With more accessible and improved learning experiences in place, the next step is to help employees recognize their opportunity to take advantage of these offerings. Making subtle shifts in your messaging and leadership behaviors will set the tone that continuous development and growth is celebrated and empower employees to create their own self-directed development journeys. Urge employees to take time to focus on their development and publicly recognize and reward this behavior when it happens. Leaders can help reinforce this message by demonstrating behaviors that signal their own commitment to their personal development, i.e., reflecting on their recent learning activity in meetings and in 1:1 conversations with their team.

Organizations that empower employees to take ownership over their own career development are rewarded with increased engagement and productivity. When leaders communicate and reiterate this message, they help to enable a supportive learning culture where employees are proactively developing their skills and sharing their expertise with others in the organization. 

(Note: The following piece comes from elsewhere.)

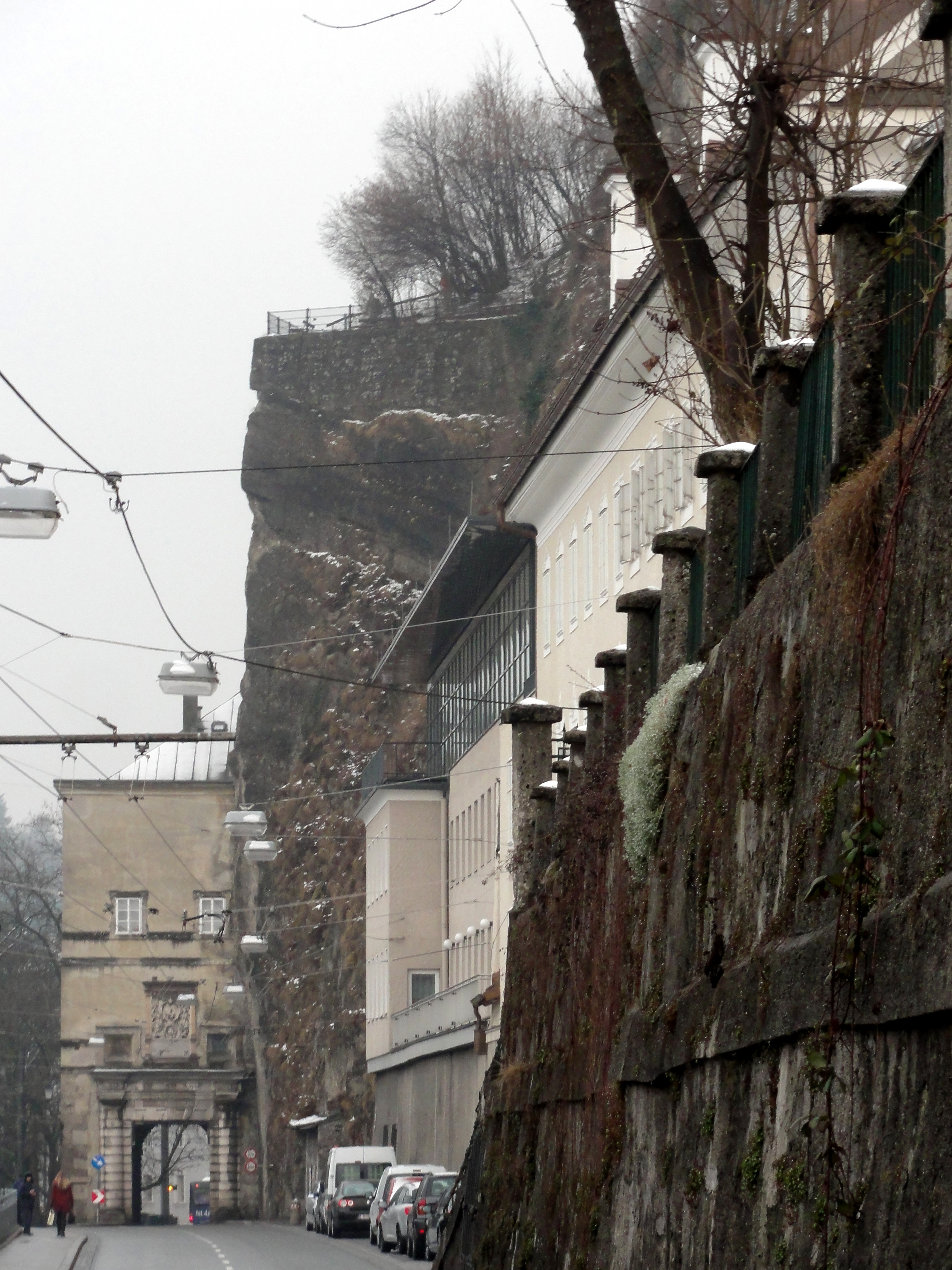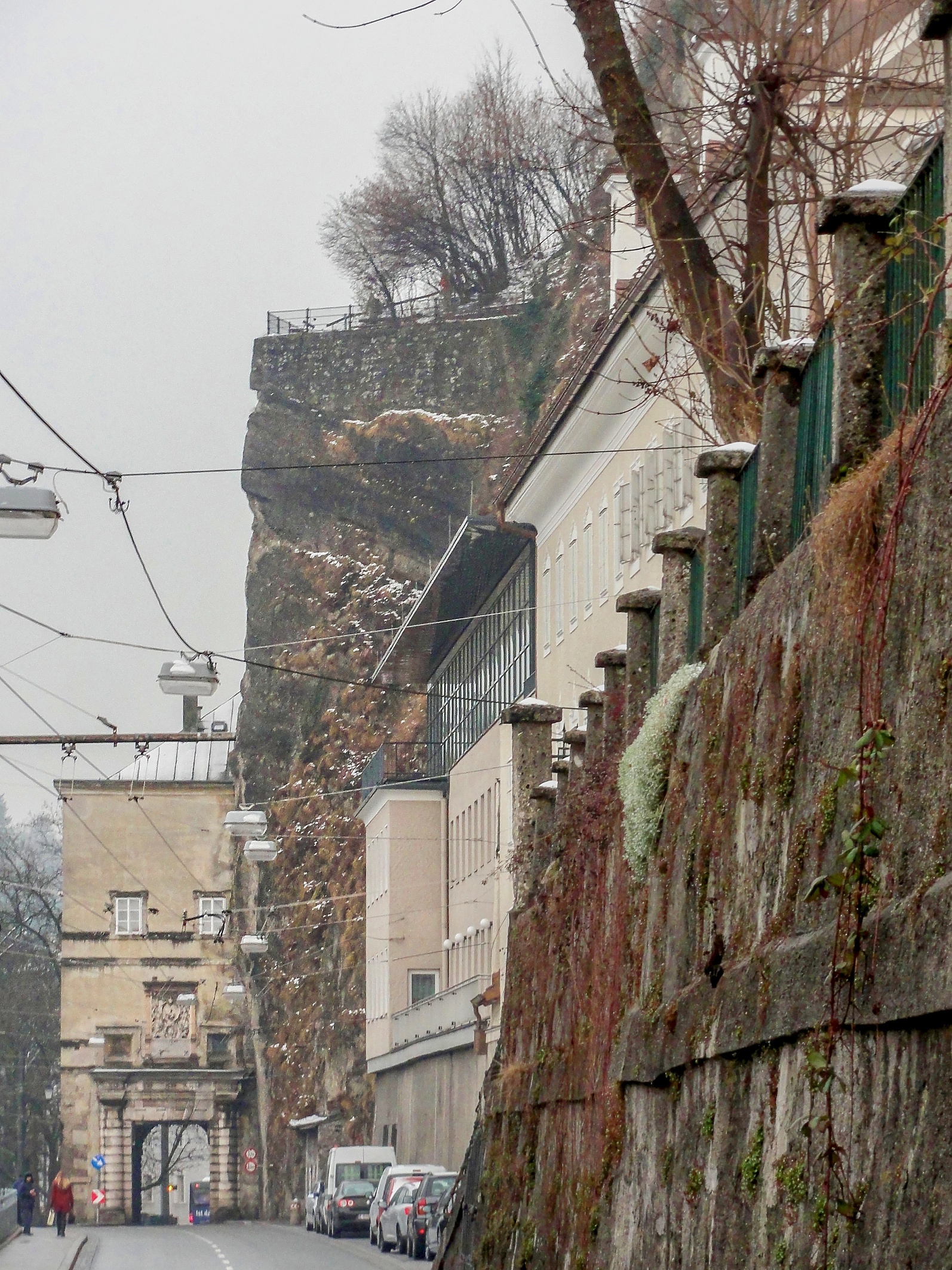 - Müllner Hauptstraße in Richtung Klausentor, darüber die Humboldtterrasse

Weigh elective against compulsory 

Of course, there’s the question of ROI. And we’re here to tell you—measuring the success of an initiative of this magnitude isn’t easy, albeit not impossible. You just need to get crafty. 

What’s the clearest indication that employees are more engaged after implementing a new L&D strategy? They’re opting into learning modules and consuming content beyond the compulsory courses. Voluntary learning signals a mindset shift and tells us that experience is user-friendly and relevant enough to keep coming back for more. 

Think back to that startling 74% of employees who feel stifled in their current role, whose employer fails to satisfy their desire to upskill. Imagine being among the fraction of organizations nationwide who offer them opportunities to grow into the best version of their professional selves—this is when true transformation happens. Perks and benefits lure talent in, but an institutional commitment to learning is what makes people stay. Learning snuffs the skills gap fire and lays the groundwork for value retention—and in turn, long-term fulfillment. No matter how strong or logical your operating framework is, it cannot succeed without a happy, consummate staff that not only understands, but willfully champions its day-to-day application. As Doug Conant alluded to, the most successful organizations are built inside-out—and when the legs of the HR stool are sturdy, so are the people, processes, products (and operating model) that sit on top.